Records excerpted from a collection:
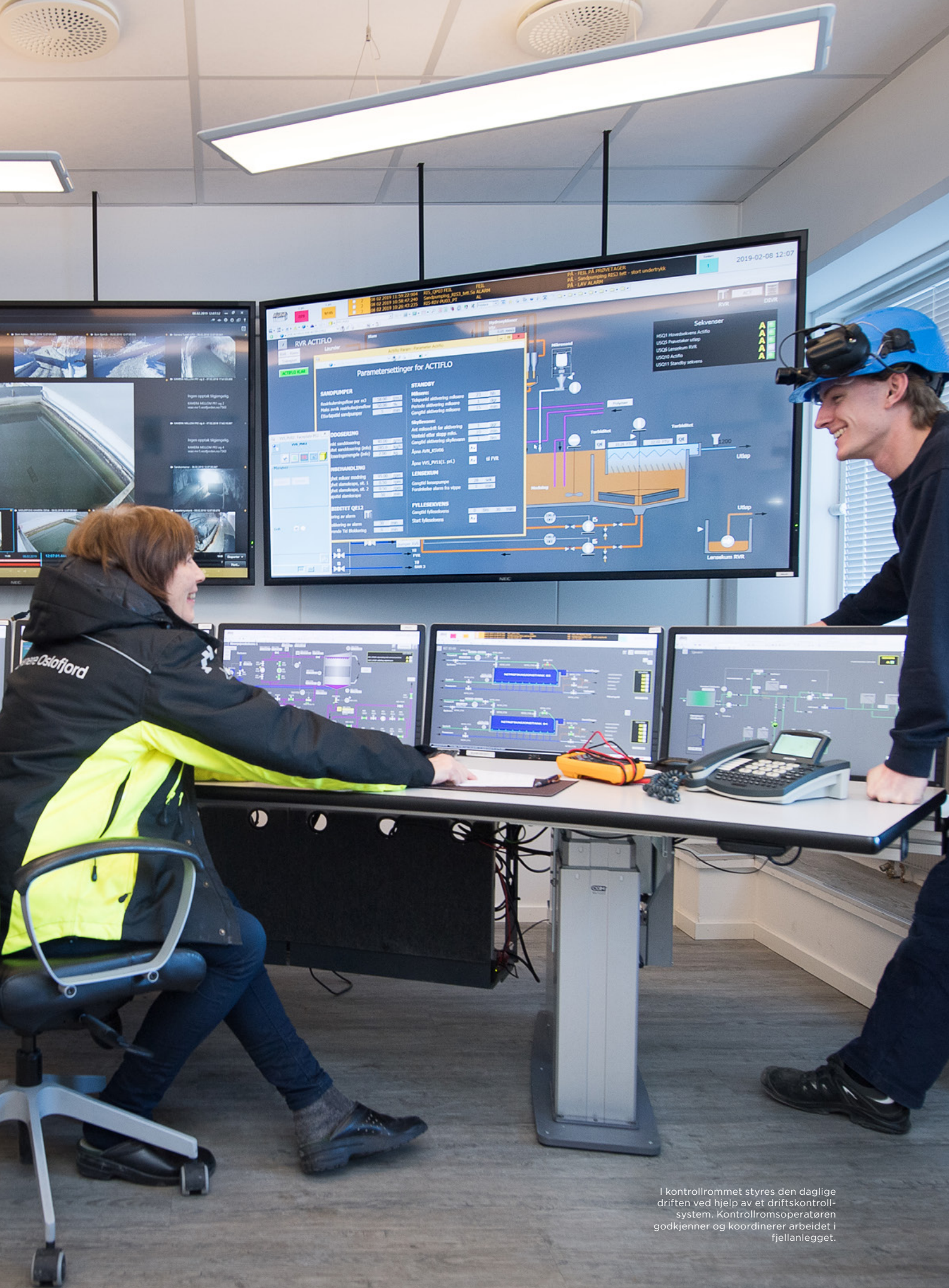
I kontrollrommet styres den daglige driften ved hjelp av et driftskontrollsystem. Kontrollromsoperatøren godkjenner og koordinerer arbeidet i fjellanlegget.
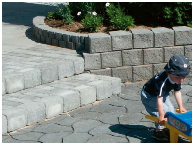
Trappa med Bender Labyrint antik, kantsten och Knott.
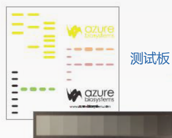
梯度光密度靶标板
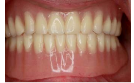
Komple veya Tam Protezler
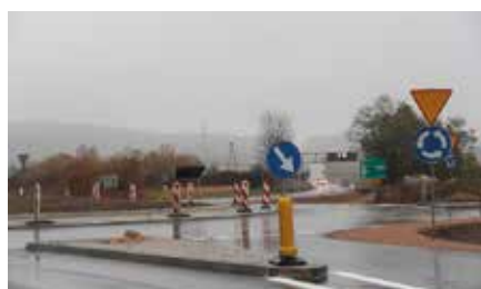
Nowe rondo w Chęcinach
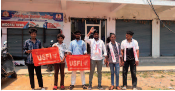
కళాశాలను సీజ్ చేయాలని భవనం ముందు ధర్మా చేస్తున్న యుఎస్ఎఫ్ఎస్ నాయకులు

మేడ్చల్, నేడు న్యూస్ : విద్యార్థుల భవిష్యత్తును తీర్చిదిద్దాలని విద్యాసంస్థలు నేడు లాభార్జన్ ధ్యేయంగా మారుతున్నాయి. మేడ్చల్ పరిధిలోని 'త్రివిద్య జూనియర్ కళాశాల' నిబంధనలను బేఖాతరు చేస్తూ, విద్యార్థుల ప్రాణాలతో చెలగాటమారుతోంది. కనీస అనుమతులు లేకున్నా, ఆకాశమే హద్దుగా ప్రచారం చేస్తూ అడ్మిషన్ల పేరిట తల్లిదండ్రులను బురిడీ కొట్టిస్తోంది.
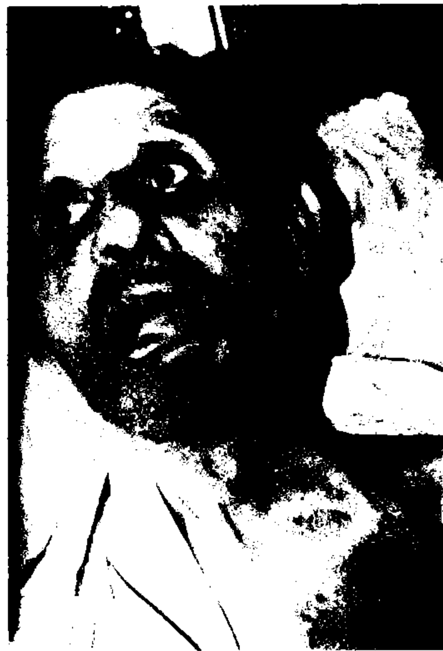
Resim VI: Hastanın geç dönemdeki görünümü.
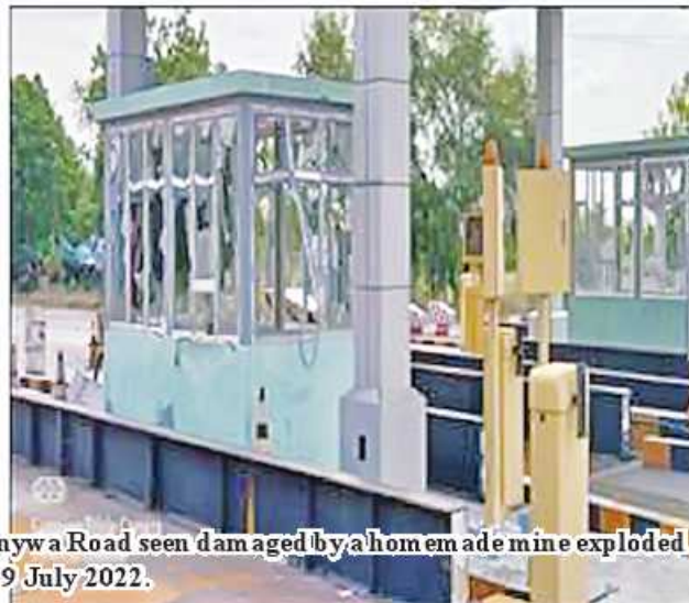
Toll gate, entrance to Myintmu town, on Mandalay-Monywa Road seen damaged by a homemade mine exploded by terrorists by the name of CRPH, NUG and PDF on 9 July 2022.

- What is being asked: What do the entries above read from the line containing "మేడ్చల్, నేడు న్యూస్" through the line containing "Resim VI: Hastanın geç dönemdeki görünümü."? Output those lines exactly, both ends included, with the pictures left out.

- Solution to this exercise:
మేడ్చల్, నేడు న్యూస్ : విద్యార్థుల భవిష్యత్తును తీర్చిదిద్దాలని విద్యాసంస్థలు నేడు లాభార్జన్ ధ్యేయంగా మారుతున్నాయి. మేడ్చల్ పరిధిలోని 'త్రివిద్య జూనియర్ కళాశాల' నిబంధనలను బేఖాతరు చేస్తూ, విద్యార్థుల ప్రాణాలతో చెలగాటమారుతోంది. కనీస అనుమతులు లేకున్నా, ఆకాశమే హద్దుగా ప్రచారం చేస్తూ అడ్మిషన్ల పేరిట తల్లిదండ్రులను బురిడీ కొట్టిస్తోంది.
Resim VI: Hastanın geç dönemdeki görünümü.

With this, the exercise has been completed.